这个问题,更具体,也更尖锐。问话的人身份特殊,他的问题,某种程度上代表了某种风向的关切。
李乐心念电转,迅速组织语言。
“这个问题非常关键。从社会学的组织与环境理论来看,企业,尤其是大企业,从来不是一个封闭系统,它时刻在与外部制度环境进行资源和信息的交换,并需要不断调整自身结构行为,来获取合法性。”
“不仅仅是法律意义上的合法,更是社会认知、政治认可、文化接纳等多重意义上的合法。”
“您问的度,本质上是企业在多重制度逻辑下寻求合法性平衡的问题。一方面,要契合一定层面的郑智政策逻辑,符合宏观调控、产业导向、社会责任等要求。另一方面,要遵循市场层面的效率竞争逻辑,保持创新、成本和响应速度。有时这两者会存在张力。”

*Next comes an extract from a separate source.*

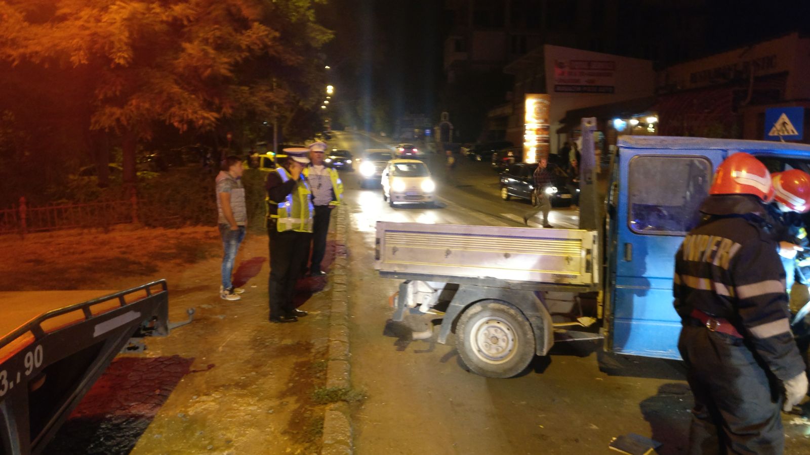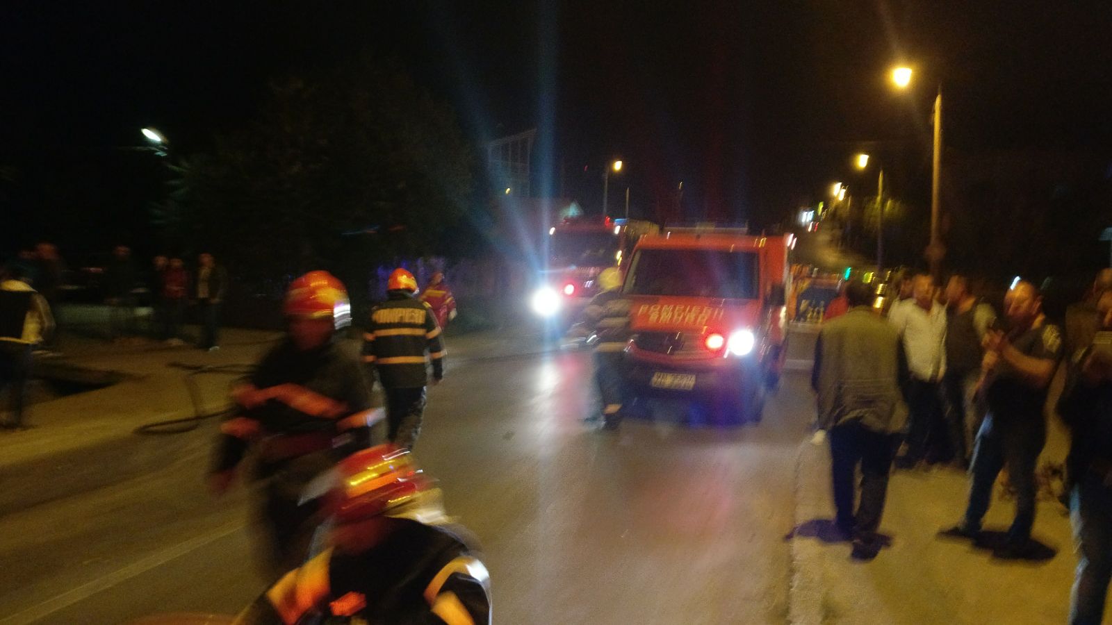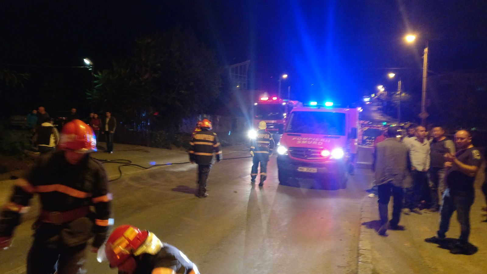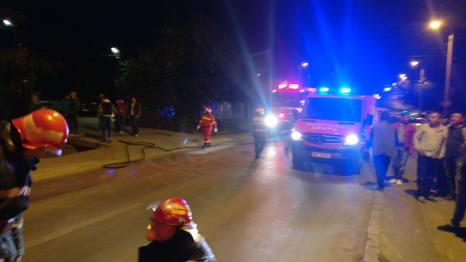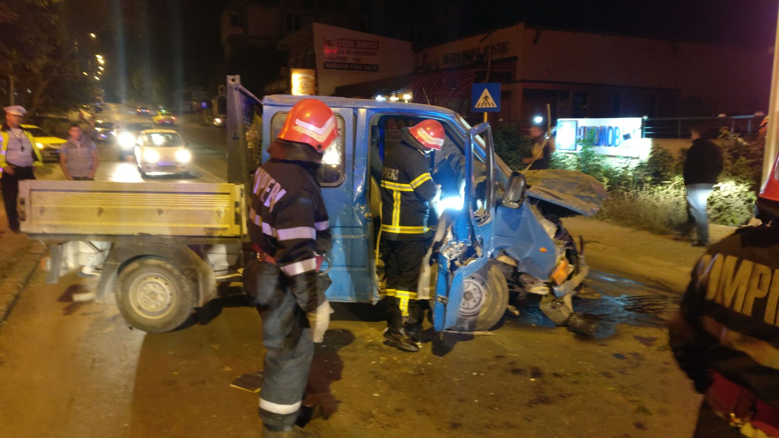 Se intervine cu o autospecială de stingere cu apă și spumă, o autospecială de descarcerare grea, un echipaj SMURD și 10 subofițeri.

“我的观察是,”李乐谨慎地选择着措辞,“成功的、可持续的大企业,往往不是简单地在这两者间做选择题,而是能够进行制度套利或者说制度创新。”
“它们能敏锐地捕捉到政策方向与社会需求之间的结合点,将响应整体战略、履行社会责任,内化为新的商业模式、技术方向或者增长空间。比如,您这边,将青山绿水的环保要求转化为节能技术的领先优势,将号召转化为下沉市场的开拓机遇,将数据安全的规范转化为建立更稳固用户信任的壁垒。”
“这不是被动的合规,而是主动的融合与引领。是在深刻理解更高层面制度演进逻辑的基础上,重新定义企业的效率和竞争力。”
“把社会价值、上层战略,变成企业核心能力的一部分。这样,企业的发展就和更宏大的叙事同频共振了,所谓的度和平衡,也就内化在了企业的战略选择和行为模式里,而不再是需要时刻权衡的外在负担。”
这番回答,既没有空谈责任,也没有唯市场论,而是试图提供一个更具操作性的视角。
那位听完,沉吟片刻,缓缓点了点头,没再追问,只是说了句,“受教了。谢谢小李老师。”
有他开头,其他人也纷纷提出问题。
有的问具体行业在网络时代的机遇风险,有的问家族企业传承中的“社会资本”转移,还有的问李乐对未来几年消费趋势的社会学判断。
李乐兵来将挡,尽量用限制在理论框架结合现实观察给出回应,不把话说满,但力求逻辑自洽,打安全牌。
气氛重新活跃起来,但活跃中带着一种深沉的思考。
李乐能感觉到,经过刚才那番关于时代、规则、契约的对话,这些人看他的眼神,和课程刚开始时又不一样了。少了一些对“年轻学者”的好奇或审视,多了一些对“交谈者”甚至“潜在启发者”的认真。
自由交流时间结束,林知薇再次上前感谢李乐,并宣布课程正式结束。
学员们开始收拾东西,三三两两地起身,但不少人并没有立刻离开,而是朝着讲台这边围了过来。
最先过来的是那位“逢教授”,他笑容满面,伸出手,“小李老师,你刚才说那个……契约转变,我深有感触。我们搞开发的,感受最深!以后有什么研究,需要企业案例或者数据支持,尽管开口,咱们留个电话?”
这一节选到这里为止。